Algo Donmyer Henderson (April 26, 1897 – October 20, 1988) was an educator, administrator, and author. He served as the president of Antioch College and is associated with their shared governance model. He was a chief planner of the State University of New York.

==Early life and career==
Algo Donmyer Henderson was born in 1897 in Solomon, Kansas, where his family lived on a farm. He was a second lieutenant in World War I. Henderson worked several jobs to fund his higher education, and attended five colleges. He graduated with University of Kansas law and Harvard University business degrees.

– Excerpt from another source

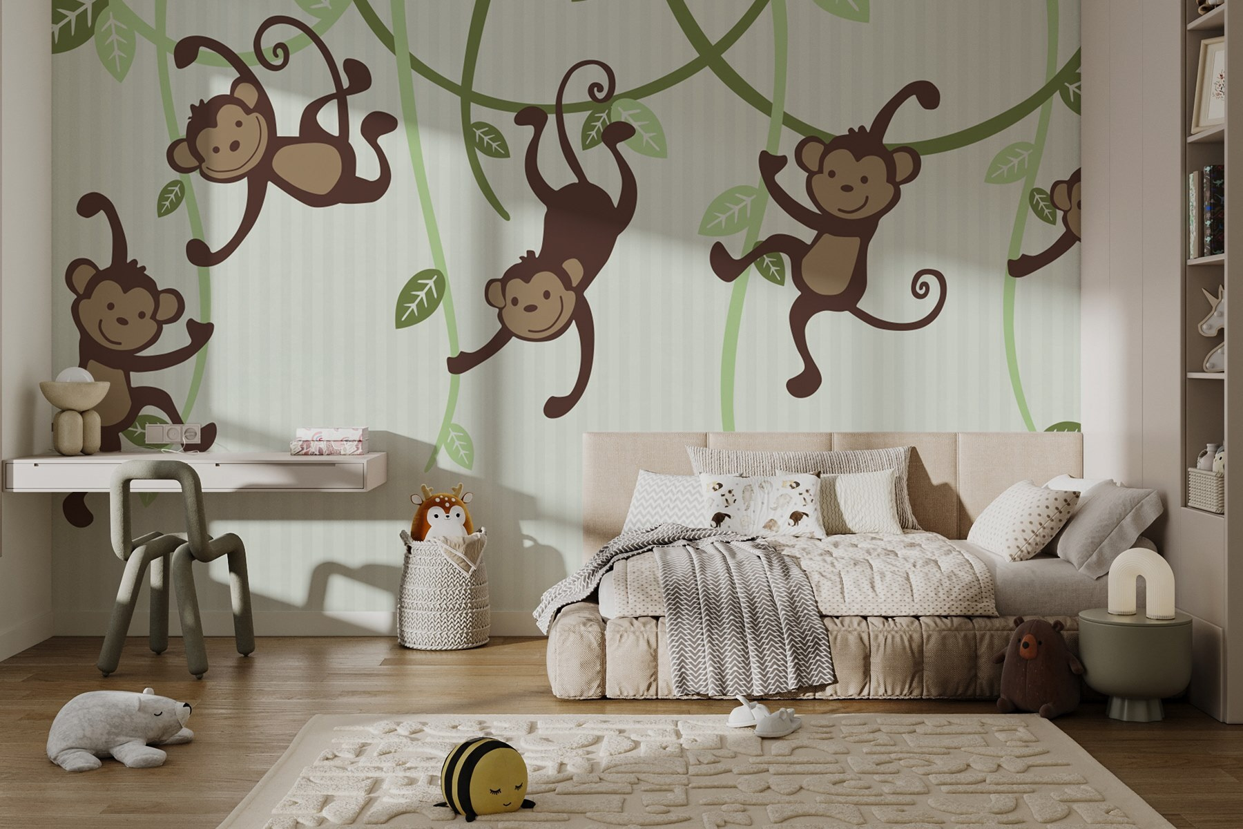 Imagine transforming a child’s room into a playful jungle where cheeky little monkeys swing from vines. This mural isn’t just a design; it creates a whole vibe! Perfect for sparking giggles and creativity, these adorable monkeys bring a sense of adventure right to the walls. Just picture the joy on tiny faces as they explore their own imaginative world. The soft greens and browns add a gentle touch, making it a cozy space for storytime or a nap after all that fun. Plus, it’s a delightful backdrop for your family photos—monkeys make everything more cheerful!

In 1936, he became the president of Antioch College, a Yellow Springs, Ohio, experimental college He had been the executive vice president and acting president from 1934 until then. At 39, he was among the youngest American college presidents. He started a bronze foundry at Antioch to teach students small business management. Henderson is credited for Antioch's shared governance between faculty and administrators.

In the late 1940s, Henderson became the associate director of the commission for creating a state university in New York State, leading to the State University of New York and public community colleges. In 1947, Henderson left Antioch's presidency to serve New York State as the associate education commissioner until 1950. Upon his resignation, he joined the University of Michigan as a professor and began the first U.S. doctoral program for higher education administration.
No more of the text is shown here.